The Emergence of Synthetic Data
Synthetic data is to real-world data as synthetic fiber (like nylon) is to real fiber (like hemp). Humans have created synthetic products throughout our evolution to achieve goals and develop new products that improve our lives. Synthetic fibers are used in clothing, rope, industrial equipment, automobiles, and more. The ability to create synthetic fiber expanded the opportunity to create numerous products that today we find essential.
Synthetic data has the opportunity to have a similar impact in healthcare. Synthetic data is created based on real-world data using a data synthesizer. These synthesizers may leverage different methods to create synthetic data that have the same statistical and correlative properties as the original data; however, they are completely independent from the real-world data (1, 2).
Notably, synthetic data do not contain any personal identifying information which ensures personal privacy and full compliance with privacy regulations such as EU’s General Data Protection Regulation (GDPR). The use of high-fidelity synthetic data for data augmentation is an area of growing interest in data science, generating virtual patient cohorts, such as digital twins, to estimate counterfactuals in silico trials, allowing for better prediction of treatment outcomes and personalised medicine (3).
Synthetic Data in Clinical Trials and Healthcare
In clinical trials and healthcare, synthetic data offer a unique balance of data quality, accuracy, in conjunction with privacy protection. By enabling meaningful analysis without the need to expose sensitive details, they preserve individual privacy while advancing medical research. Furthermore, synthetic data from clinical trials could become a commodity exchanged between researchers without cumbersome legal agreements to ensure personal privacy.
One use of synthetic data in clinical trials is the inclusion of synthetic control arms created using real-world data to estimate the comparative effectiveness of lurbinectedin versus the historical standard of care for relapsed small cell lung cancer in the post-platinum setting (4). The study was able to evaluate the efficacy of the treatment without the ethical and logistical constraints of enrolling a comparable control group of patients undertaking the historical standard of care. A synthetic control arm was also used for the evaluation of lisocabtagene maraleucel for the treatment of hematological cancer (5). These examples demonstrate that synthetic data can be used to accelerate clinical development.
Market Growth and Privacy Enhancement
The synthetic data generation market has seen significant growth, reaching USD 163.8 million in 2022 with a projected CAGR of 35.0% from 2023 to 2030, driven by AI integration (6). This market expansion is attributed to synthetic data’s capability to mimic real datasets’ statistical properties without compromising personal privacy. This technology, akin to creating a completely anonymized version of a detailed photograph, ensures compliance with privacy laws and protects participant anonymity in clinical research.
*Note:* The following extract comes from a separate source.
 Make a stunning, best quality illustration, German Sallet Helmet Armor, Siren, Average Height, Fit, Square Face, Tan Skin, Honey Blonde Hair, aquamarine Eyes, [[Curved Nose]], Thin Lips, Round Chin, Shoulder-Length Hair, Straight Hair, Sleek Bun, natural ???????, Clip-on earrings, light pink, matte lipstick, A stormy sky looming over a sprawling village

Highlighting synthetic data as a pivotal privacy-enhancing tool, Simmons & Simmons note its capacity to foster innovation while adhering to strict privacy regulations. This positions synthetic data as crucial for businesses aiming to utilize large data volumes securely, aligning market growth with the increasing demand for robust data protection in the face of tightening privacy laws.
Challenges and Regulatory Considerations
The emergence of synthetic data will present new challenges for regulatory bodies like the European Medicines Agency and US Food and Drug Administration as they start to receive requests for marketing authorization that include synthetic data. The European Data Supervisory Board advocates for privacy assurance assessments to guarantee the non-personal nature of synthetic data (7).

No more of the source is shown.